» GIVEN INFORMATION
━━━━━━━━━━

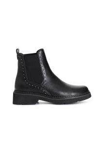 Women's ankle boot in imitation leather with elastic on the side part of the upper to facilitate the fit. all enriched by chromed micro-studs. the insole is in leather.
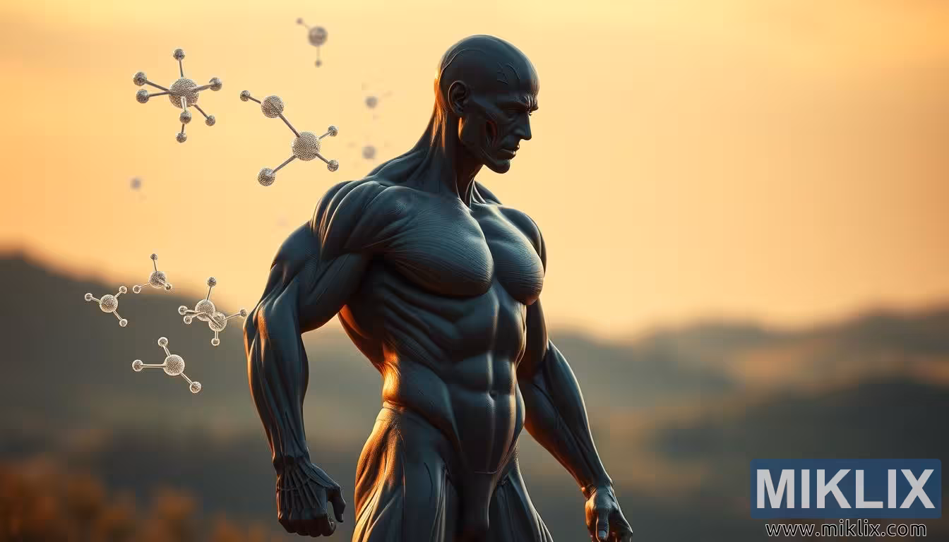 Այս պատկերը արտացոլում է գիտության, ուժի և խորհրդանիշի դրամատիկ միաձուլումը՝ պատկերելով գլիցինը ոչ թե որպես վերացական մոլեկուլ, այլ որպես մարդկային կենսունակության կառուցման և պահպանման էական ուժ: Կենտրոնում կանգնած է քանդակված, մկանուտ կերպար, որը դիրքավորված է ոսկե հորիզոնի ֆոնի վրա հանգիստ վճռականությամբ: Մարմինը ներկայացված է ակնառու անատոմիական մանրամասնությամբ, որտեղ յուրաքանչյուր մկանային խումբ սահմանվում և լուսավորվում է մայր մտնող արևի տաք, թույլ լույսով: Ստվերները փորագրում են կերպարի ձևը՝ ընդգծելով ուժն ու համաչափությունը, մինչդեռ լույսը սահում է կրծքավանդակի, ուսերի և ձեռքերի ուրվագծերի վրայով՝ ստեղծելով ուժի և նրբագեղության դինամիկ փոխազդեցություն: Ֆիգուրայի դիրքը՝ մի փոքր կախ գլուխը և թուլացած բռունցքները, փոխանցում է ոչ թե ագրեսիա, այլ դիմացկունություն, հավասարակշռությունից և ներքին տոկունությունից ծնված լուռ վստահություն:
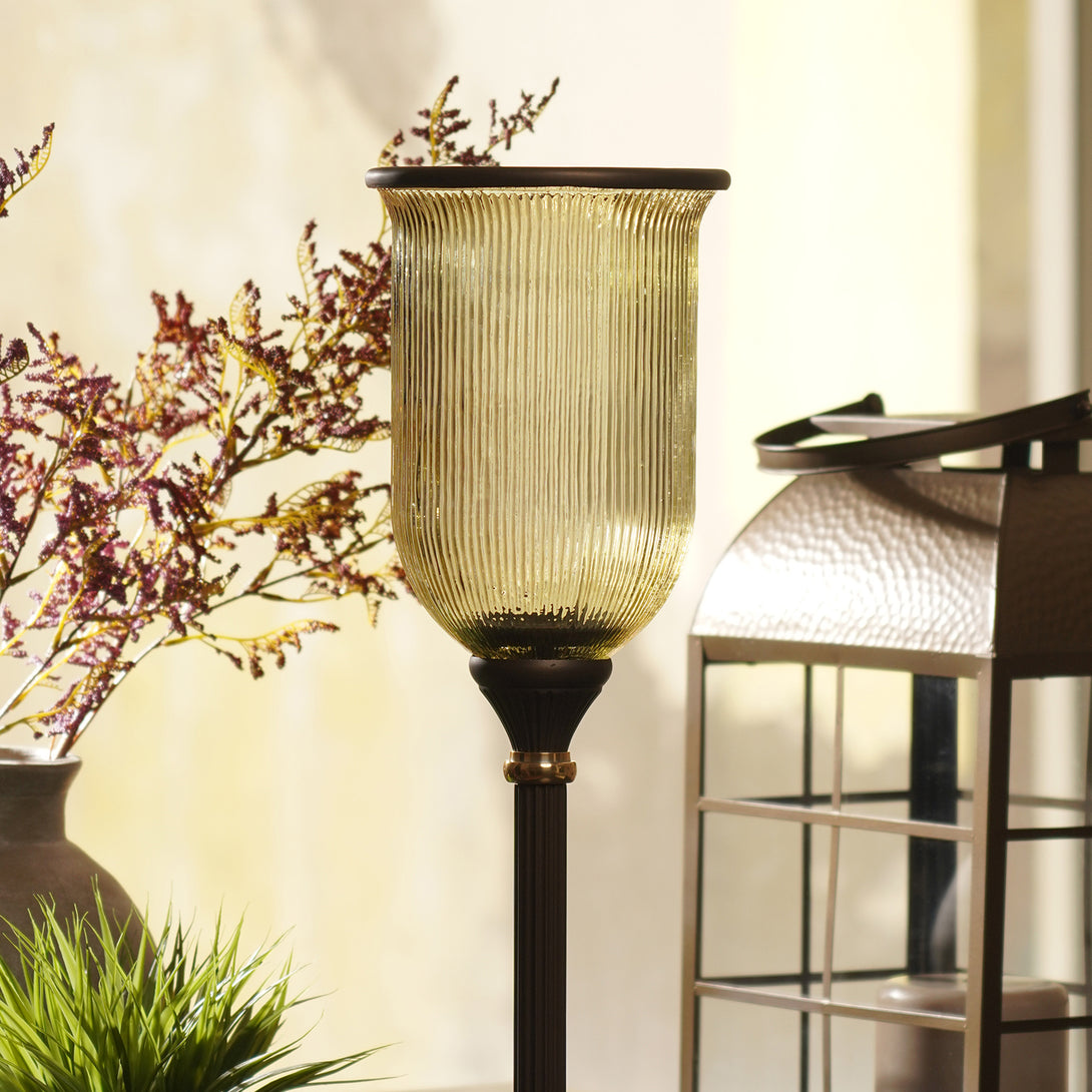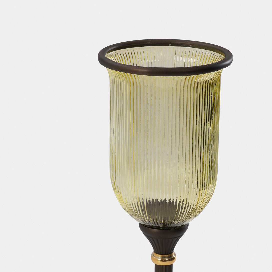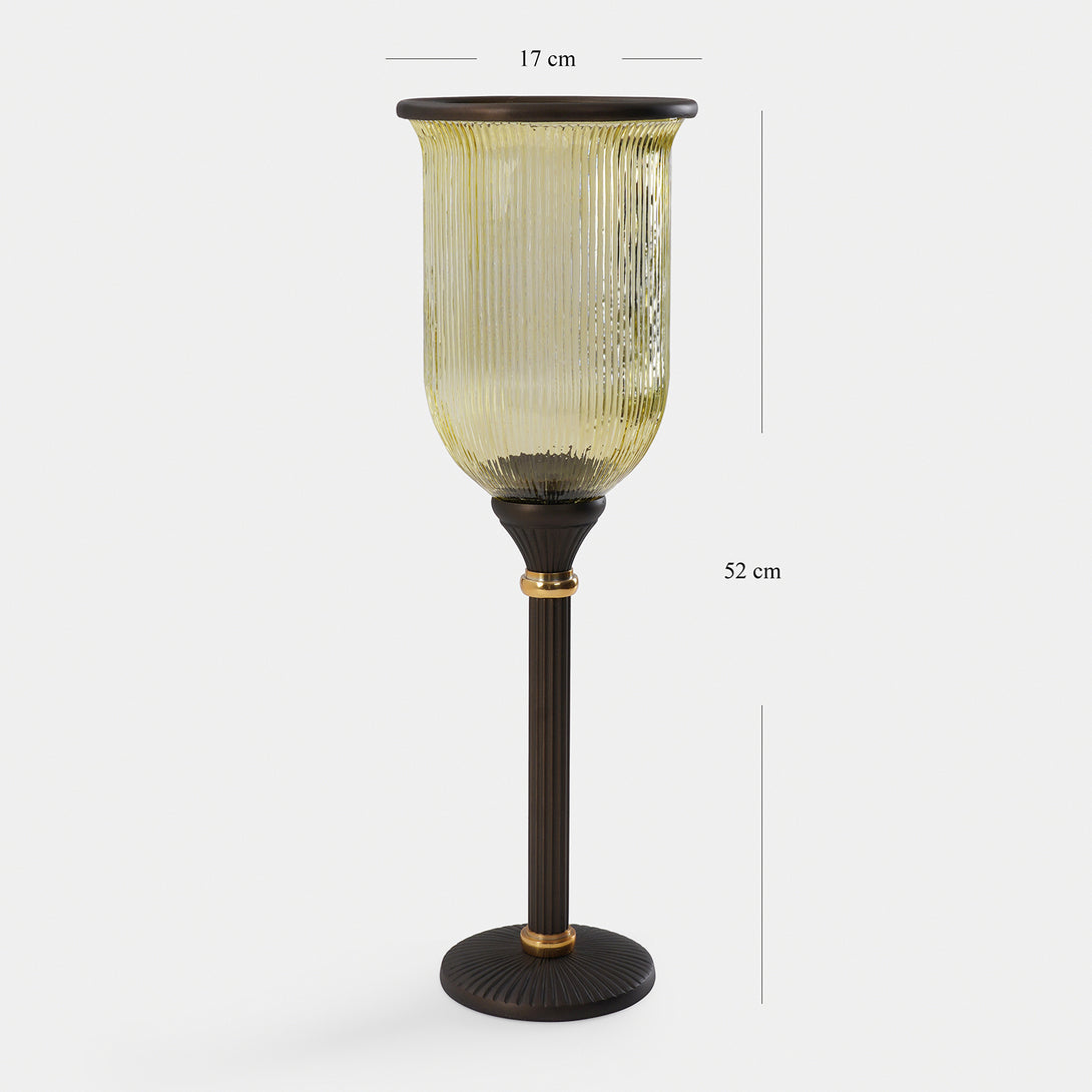 This antique finish ribbed hurricane is a metallic accent that exudes elegance and modern sophistication. Perfect for creating a refined ambience with pillar candles in any living space.

━━━━━━━━━━

» PROBLEM DESCRIPTION
Repeat the material exactly. Skip the images.

» ANSWER BELOW
 Women's ankle boot in imitation leather with elastic on the side part of the upper to facilitate the fit. all enriched by chromed micro-studs. the insole is in leather.
 Այս պատկերը արտացոլում է գիտության, ուժի և խորհրդանիշի դրամատիկ միաձուլումը՝ պատկերելով գլիցինը ոչ թե որպես վերացական մոլեկուլ, այլ որպես մարդկային կենսունակության կառուցման և պահպանման էական ուժ: Կենտրոնում կանգնած է քանդակված, մկանուտ կերպար, որը դիրքավորված է ոսկե հորիզոնի ֆոնի վրա հանգիստ վճռականությամբ: Մարմինը ներկայացված է ակնառու անատոմիական մանրամասնությամբ, որտեղ յուրաքանչյուր մկանային խումբ սահմանվում և լուսավորվում է մայր մտնող արևի տաք, թույլ լույսով: Ստվերները փորագրում են կերպարի ձևը՝ ընդգծելով ուժն ու համաչափությունը, մինչդեռ լույսը սահում է կրծքավանդակի, ուսերի և ձեռքերի ուրվագծերի վրայով՝ ստեղծելով ուժի և նրբագեղության դինամիկ փոխազդեցություն: Ֆիգուրայի դիրքը՝ մի փոքր կախ գլուխը և թուլացած բռունցքները, փոխանցում է ոչ թե ագրեսիա, այլ դիմացկունություն, հավասարակշռությունից և ներքին տոկունությունից ծնված լուռ վստահություն:
 This antique finish ribbed hurricane is a metallic accent that exudes elegance and modern sophistication. Perfect for creating a refined ambience with pillar candles in any living space.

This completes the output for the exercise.